Excel will generate multiple tables and charts based on the options you choose. These tables are placed under 3 sections:

**Summary Output**contains basic statistics about regression, ANOVA (analysis of variance) information, and information about the regression line.**Residual Output**shows you how far away the actual data points are from the predicted data points.**Probability Output**contains the normal distribution of regression analysis results.

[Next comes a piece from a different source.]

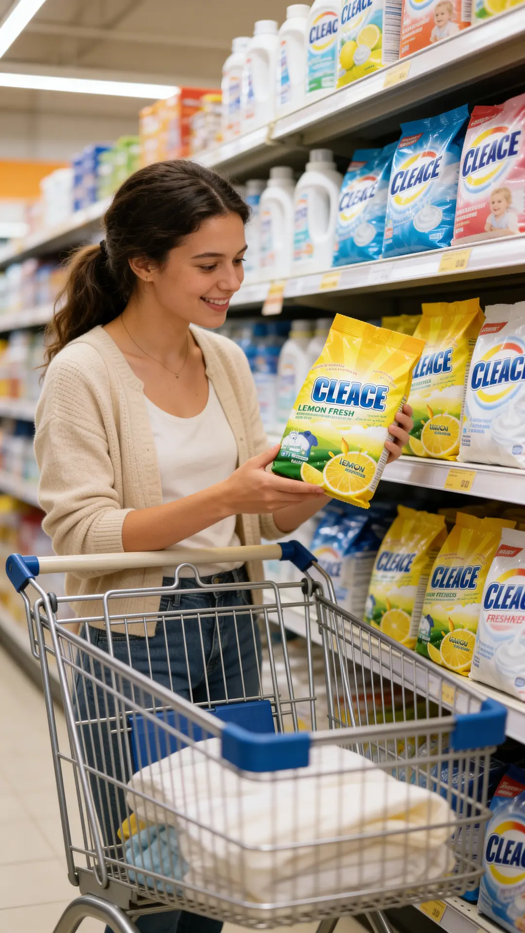 CLEACE on shelf – bright, bold and ready to drive sales in your laundry aisle.

**Note: **Even though the **Regression** tool in the **Data Analysis** can provide an analysis of the results, it is not dynamic, and you have to open the **Regression** dialog every time when using a new set of data.

## Commonly Used Formulas

You can use formulas to reach certain values when performing a simple regression analysis. Excel’s statistical functions like these will provide useful when creating reports:

- LINEST
- SLOPE
- INTERCEPT
- CORREL

Let’s go over each of these functions and see how they work on a few examples. The **LINEST** function calculates a straight line that best fits your data using the "least squares" method, and returns an array describing that line. It takes 4 arguments, two of which are the array of values that contain the *independent* and *dependent* variables. The remaining two arguments are optional *TRUE/*FALSE arguments for the *Constant is Zero* assumption, and if additional regression stats are to be calculated.

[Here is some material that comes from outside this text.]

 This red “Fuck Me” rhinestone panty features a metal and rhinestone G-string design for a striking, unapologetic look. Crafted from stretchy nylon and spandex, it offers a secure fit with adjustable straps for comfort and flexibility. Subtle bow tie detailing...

Using a function with X and Y values will return *slope* and *Y-intercept* values of the regression equation *y = bx + a*. To return both values, you need to select 2 adjacent cells, and press the *Ctrl + Alt + Enter* combination when entering the formula.

For example,

=LINEST(B2:B21,A2:A21)

**Note: **These results are the **Coefficient** numbers in the **Summary Output** of **Regression** tool.

The **SLOPE** and **INTERCEPT** functions return the same *slope* and *Y-intercept* values. If you do not want to use array functions, you can use these functions instead. Aside from the **LINEST**, these functions do not have any other optional arguments.

=SLOPE(B2:B21,A2:A21)

=INTERCEPT(B2:B21,A2:A21)

The **CORREL** function returns the correlation coefficient of two arrays. You can use the correlation coefficient to determine how strongly the two variables are related to each other. This value can also be shown in an analysis created with the **Regression** tool. This coefficient is named *Multiple R*.

You can generate *residual *values using the *slope* and *Y-intercept*. Based on the *y = bx + a* formula, you need to multiply the *slope* with the *X* value, and add the *Y-intercept*. The difference between the *actual* *Y* and *predicted Y* gives the residual value.

Assume that we call the slope and intercept values *“slope” *and *“y_intercept”*. Our formula for the first predicted value becomes:

=A2*slope+y_intercept

The formula to find the difference between *predicted* and *actual* value would be,

=B2-G2

We then copy down both formulas to generate the values for each value in our data table.

## Regression Graph

Visualizing data is one of the easiest way to identify outliers and compare multiple elements. Excel versions 2010 or newer support **Trendlines**. This is a powerful tool that can show the regression between two series without any calculations.

Make sure that the *independent* variables (X) are on the first column, and *dependent* variables (Y) are on the second. Then, select your data table to start creating a chart.

Create a **Scatter Chart** from **INSERT > Scatter (Charts)**

Add a *linear* **Trendline** by using the plus sign next to chart, or right-click a data point.

The trendline formula does the same thing as the **Regression **tool and **Formula** methods. You can also improve the looks with few modifications. Double-click on the trendline to open options pane.

You can add an *Equation Formula *and* R ^{2} *values to the chart by enabling the related options in the

**Format Trendline**menu.

You can also modify the chart properties like the color of the trendline, the chart and axis titles, and axis formatting from the same menu.